Credit: https://miro.medium.com/v2/resize:fit:1400/1*gr4szbbV3jz3ALlC9BPYTg.png

• True Negative (TN): A true negative represents a correct negative prediction or result. It indicates correctly identifying the absence of a relationship or condition that is truly not present in the data. For example, if you or a tool or service you used, after a security check, did not find an SQL Injection vulnerability on the website, and the website indeed does not have this issue, this finding can be considered a true negative. You assessed a system with a negative mark for the existence of a vulnerability, and it is accurate.
• False Positive (FP): A false positive occurs when a test incorrectly indicates the presence of a condition that is actually not present; where the test wrongly gives a positive result. Let us recall our first example: you or the tool/service you used reported an SQL Injection vulnerability on your website. In reality, this is not true. To increase the severity of the example, let’s say that your website does not have a database connection or the database behind the application is not a relational database. You can easily flag this finding as a false positive. Basically, we are saying that the finding is false.
• False Negative (FN): A false negative is a test result that wrongly indicates the absence of a condition that actually exists. Although false positives can be time-consuming, tiring, and boring, false negatives can be very risky and devastating. Let’s imagine you asked your security staff to scan your new web service for SQL Injection vulnerabilities. After a while, the staff member comes back to you and says they did their best but could not find any SQL Injection vulnerabilities in your web service. However, if it actually has one, marking a finding as “Not Found” or negative can be misleading. This situation can be categorized as a false negative. Again, although false positives require many resources, time, and patience, false negatives, or marking a system as healthy when a vulnerability exists, can be very dangerous.

True Damages of False Positives

False positives can be extremely costly for organizations. Investigations into false positives can consume nearly 10,000 working hours annually, costing around $500,000.

The impact extends beyond information security. In e-commerce, false positives, or false declines, amount to $443 billion in lost revenue annually, far outweighing the actual costs of credit card fraud. Incorrectly blocking legitimate transactions can potentially cost businesses up to $386 billion each year.
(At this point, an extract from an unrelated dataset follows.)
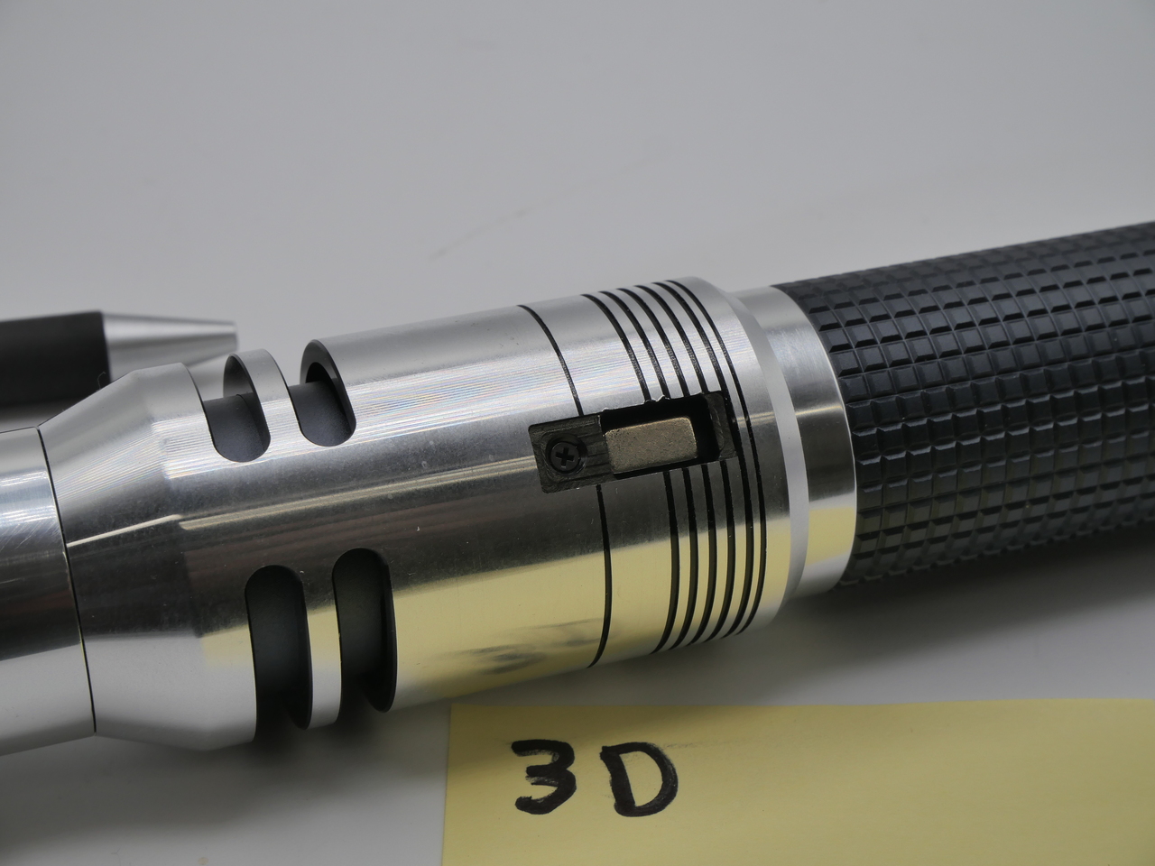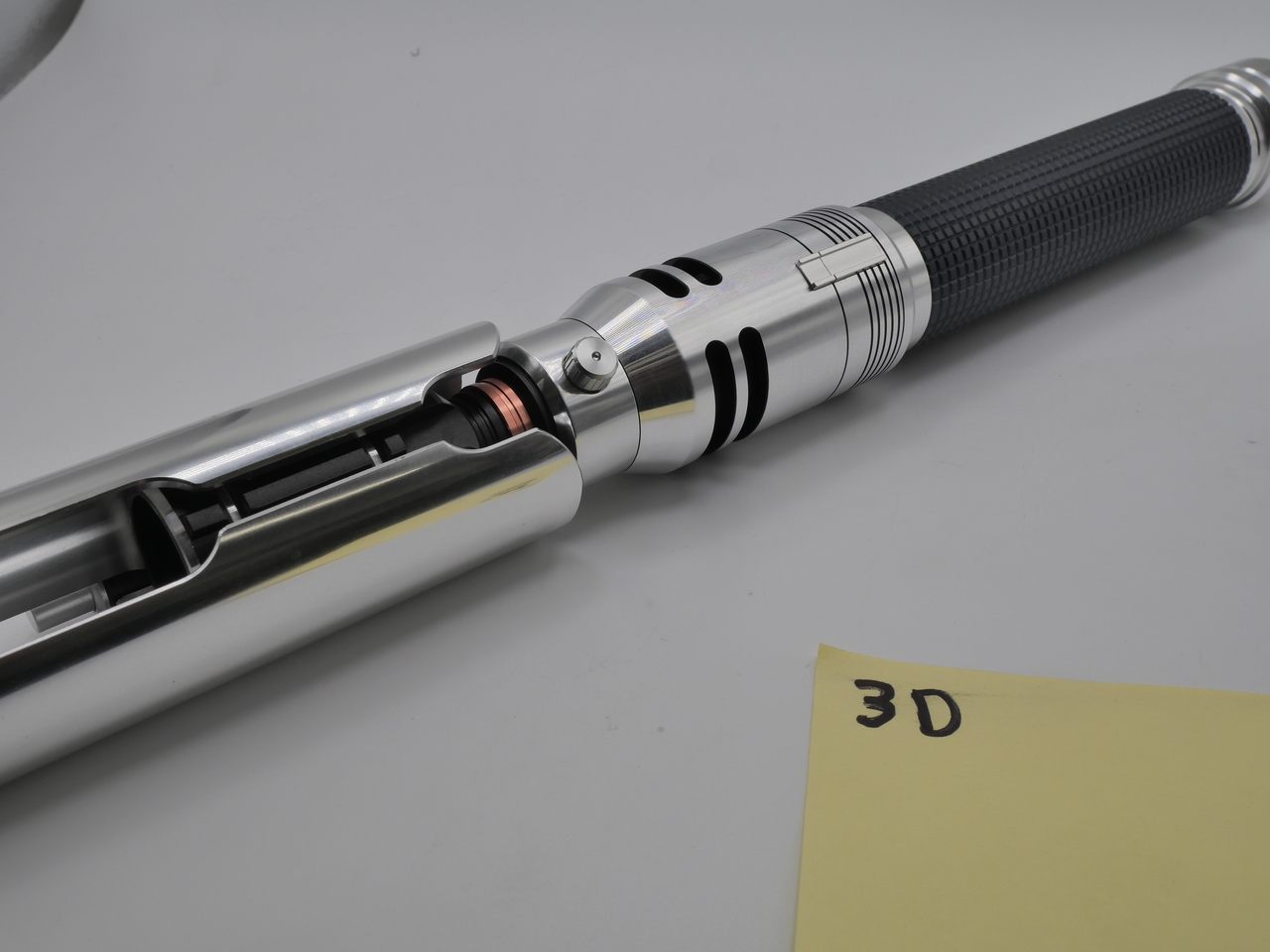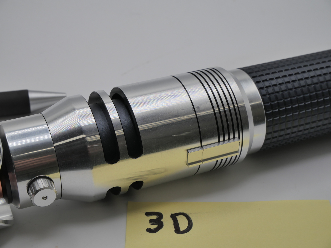 There is some scratching on the middle section the hilt on the polished aluminum. There is also a cover that fits over the hole leading to the screw to unattach the top from the bottom portions of the saber thats missing.

Furthermore, false positives damage reputations. They lead to poor customer experiences, with legitimate customers turned away or their transactions blocked. This can result in customer churn, with 38% of consumers stating they would switch merchants after a false decline.
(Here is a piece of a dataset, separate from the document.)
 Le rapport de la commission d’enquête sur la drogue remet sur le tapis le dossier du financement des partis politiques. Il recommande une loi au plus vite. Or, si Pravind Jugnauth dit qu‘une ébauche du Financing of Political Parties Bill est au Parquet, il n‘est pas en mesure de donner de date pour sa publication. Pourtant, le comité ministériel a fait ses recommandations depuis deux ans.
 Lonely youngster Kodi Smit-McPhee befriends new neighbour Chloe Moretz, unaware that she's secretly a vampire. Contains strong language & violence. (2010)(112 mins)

Mitigating False Positives: SOCRadar’s Approach

False positives in security alerts are a significant challenge for security analysts. SOCRadar addresses this issue through several strategies, achieving an 85% success rate in eliminating false positives (FPs) using AI. The remaining alerts are checked and confirmed by SOCRadar’s seasoned experts as part of their professional services. Detailed explanations of the steps to address FPs are:

• Integration with Threat Intelligence: SOCRadar integrates with SIEM (Security Information and Event Management) solutions, which collect logs and data from various sources across the network. This integration enhances SIEM capabilities by providing contextual information about potential threats, allowing analysts to understand attackers’ Tactics, Techniques, and Procedures (TTPs). This reduces false positives and helps analysts focus on critical incidents.
• User-Driven Scoring Approach: SOCRadar prioritizes alerts based on their severity and relevance, assigning scores to ensure analysts focus on the most important threats, thereby reducing noise from false positives.
• Validation and Whitelisting: SOCRadar validates Indicators of Compromise (IoCs) and checks them against a whitelist. With over 43 million whitelist policies, SOCRadar filters out known benign entities, preventing false positives. Analysts can also verify the whitelist status of any IP, hash, or domain.

By implementing these measures, SOCRadar effectively reduces the occurrence of false positives, allowing security teams to operate more efficiently and focus on genuine threats.